*** Opening COLLECTED DATA ***

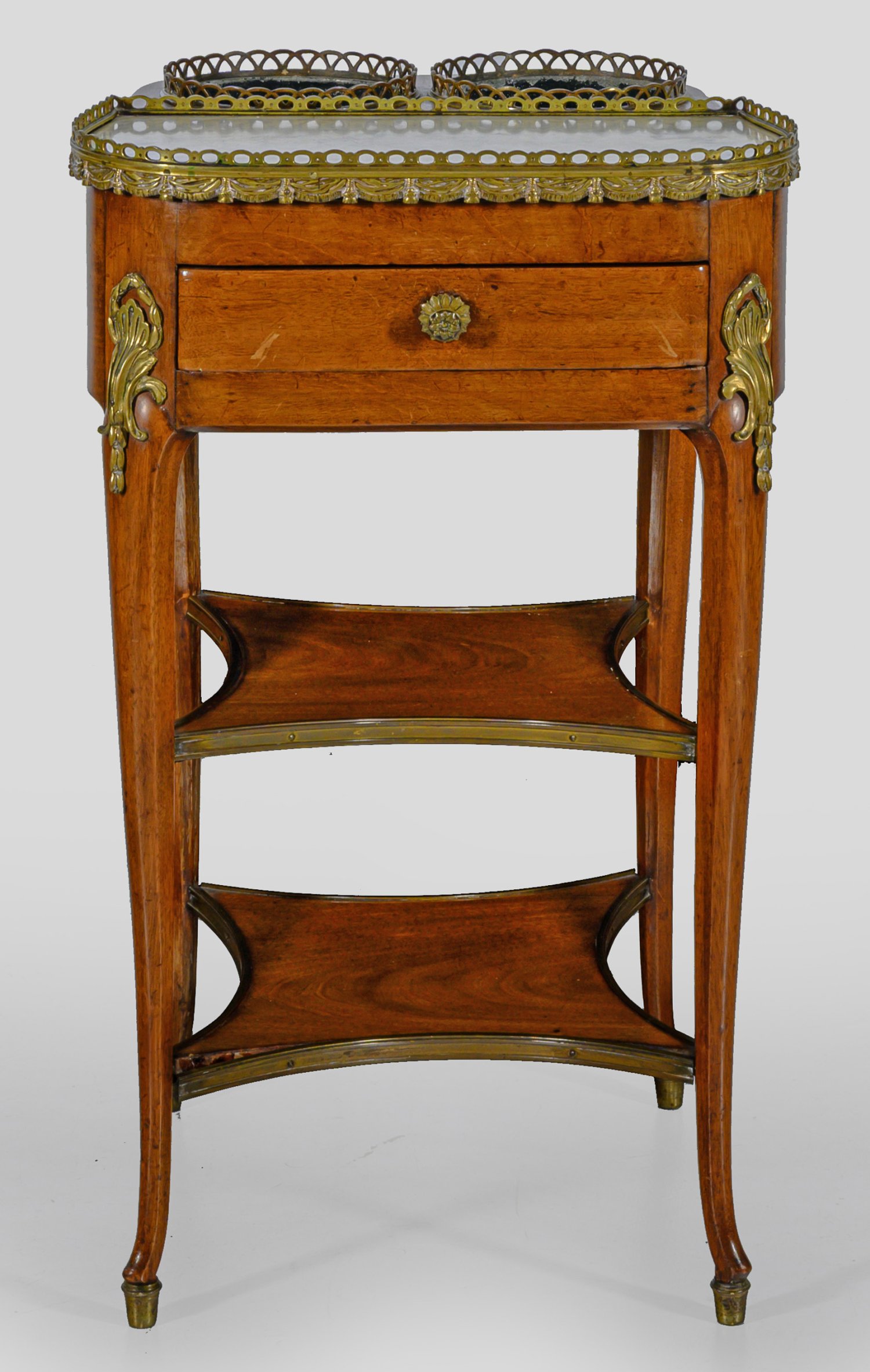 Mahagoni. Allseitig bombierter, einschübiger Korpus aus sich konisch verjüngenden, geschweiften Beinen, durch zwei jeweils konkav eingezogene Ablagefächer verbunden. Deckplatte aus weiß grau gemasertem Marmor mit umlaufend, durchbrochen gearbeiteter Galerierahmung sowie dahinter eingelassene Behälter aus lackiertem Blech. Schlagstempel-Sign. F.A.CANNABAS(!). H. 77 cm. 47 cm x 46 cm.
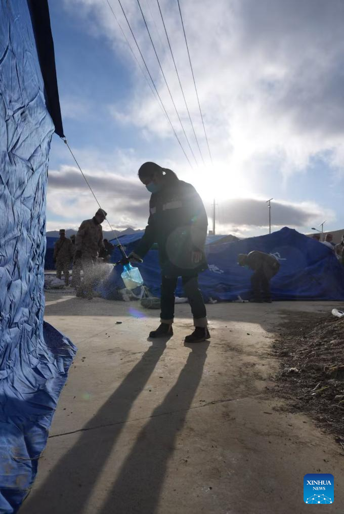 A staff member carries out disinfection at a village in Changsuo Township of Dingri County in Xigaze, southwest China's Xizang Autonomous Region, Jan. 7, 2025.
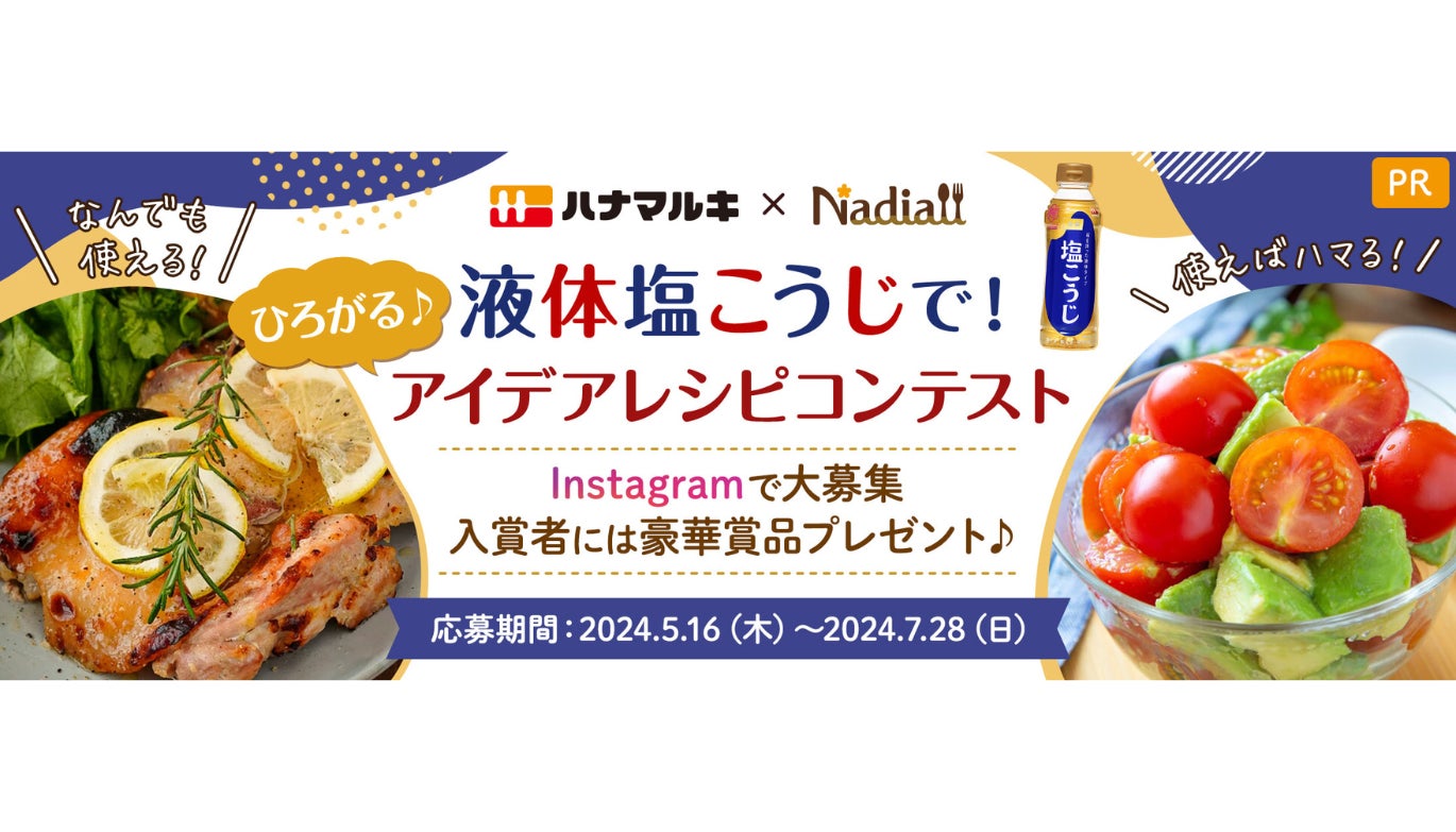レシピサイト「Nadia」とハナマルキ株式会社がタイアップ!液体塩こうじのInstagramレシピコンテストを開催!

*** Closing COLLECTED DATA ***

• _WHAT TO DO_:
When you copy the data above, keep each line exact and omit the pictures.

• _RESPONSE FOR THIS EXERCISE_:
 Mahagoni. Allseitig bombierter, einschübiger Korpus aus sich konisch verjüngenden, geschweiften Beinen, durch zwei jeweils konkav eingezogene Ablagefächer verbunden. Deckplatte aus weiß grau gemasertem Marmor mit umlaufend, durchbrochen gearbeiteter Galerierahmung sowie dahinter eingelassene Behälter aus lackiertem Blech. Schlagstempel-Sign. F.A.CANNABAS(!). H. 77 cm. 47 cm x 46 cm.
 A staff member carries out disinfection at a village in Changsuo Township of Dingri County in Xigaze, southwest China's Xizang Autonomous Region, Jan. 7, 2025.
レシピサイト「Nadia」とハナマルキ株式会社がタイアップ!液体塩こうじのInstagramレシピコンテストを開催!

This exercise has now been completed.